Time and Date Done Right
Published at 22:15 on 17 June 2025
To avoid being simply negative and cutting others’ efforts down, I will contrast the shambolic time and date situation in Java with the superior one in Python.
The latter has two time and date packages. This is largely as a result of history. One, time, came early on, and basically is a way to call the Posix time and date functions from Python. The other, datetime, came later, and is geared to more advanced use cases.
I almost always just use time, because as I said earlier, by far the most common uses for a time datatype are to create an instance of one and to print it. For that, the traditional time library is more than sufficient.
But even datetime is so much better designed than its Java counterpart. Instead of nine absolute time types, there are three (a calendar date, a time of day, and a date with a time). Instead of two relative types, there is just one (which, really, is all one needs).
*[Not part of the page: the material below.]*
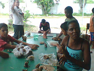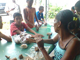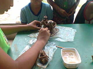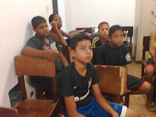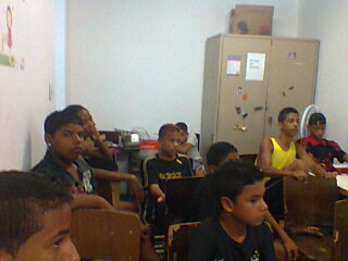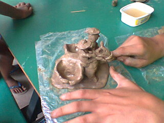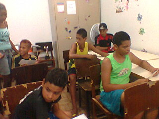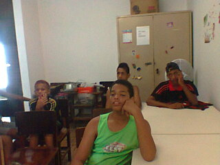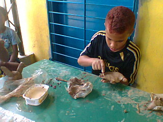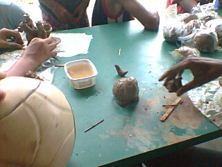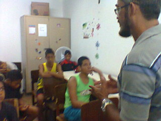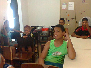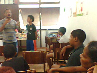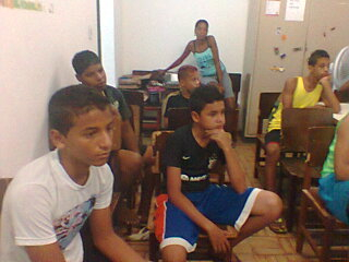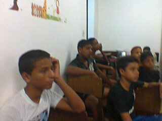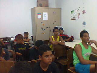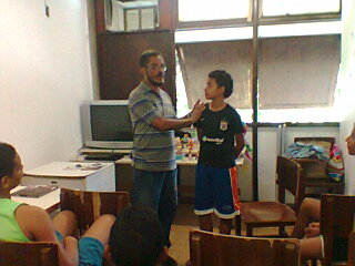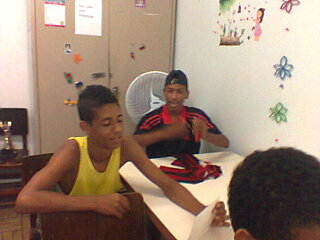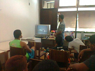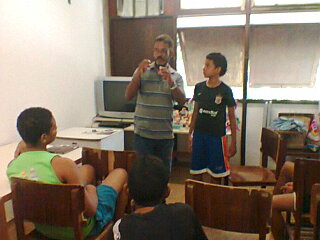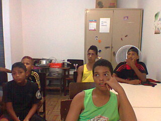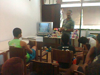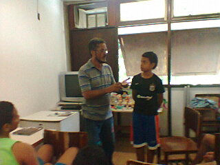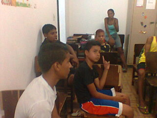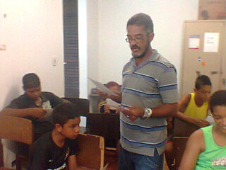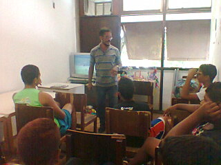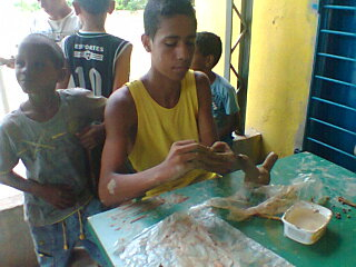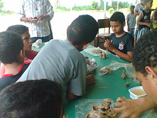 Henrique da palestra para garotos em Recife PE, falando sobre a arte do barro em Tracunhaém, mostra videos e depois leva garotos para outra área do predio para garotos fazerem peças de barro.

Instead of an elaborate set of classes devoted to formatting and outputting a time, there is just a strftime method for each time object (and all the strftime‘s use exactly the same format-specifying mini-language, which is mostly compatible with the one used in the Posix/C world. The cognitive load of understanding it all is so much more reasonable.
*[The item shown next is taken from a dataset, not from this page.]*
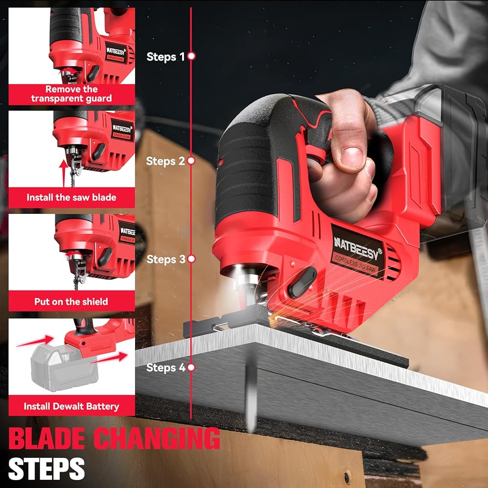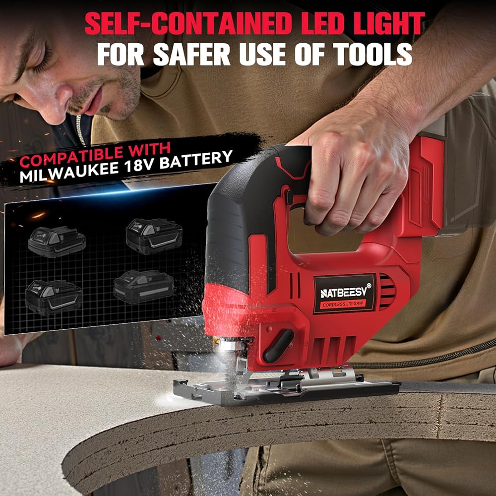 • تصميم آمن: يضيء ضوء LED المدمج منطقة عملك لمزيد من الدقة. يستخدم منشار الرقصة زر قفل الأمان للحماية من خطر الإصابة بالإهمال دون التشغيل. تلتزم NATBEESY بالتأكد من سلامتك عند استخدامك لمنتجاتنا.

As for the legacy class, its base time type is a Python floating point number. This is a value type, and as such avoids all the headaches associated with a mutable reference type. Its alternate time type is a Python tuple. Since tuples are immutable in Python, this also neatly avoids mutability headaches. And since standard, pre-existing data types are used, there is once more less cognitive load imposed on the programmer.
Since there is nothing fundamentally wrong with the older time class, it is considered just fine to use it in new programs. Because of course it is: it is the simpler of the two, and simplicity has long been a core value in the Python world.
It’s one of the reasons I can be so harsh on Java. They knew better, or rather should have known better. Python predates Java, and Python did not come up with this simplicity-as-a-virtue business. UNIX embodied it over two decades before Python popped onto the scene. By the time the 1990’s rolled around, UNIX had a longstanding reputation for being an exceptionally productive programming environment.
The principles were known. The Java world chose to ignore them, and has suffered as a result ever since.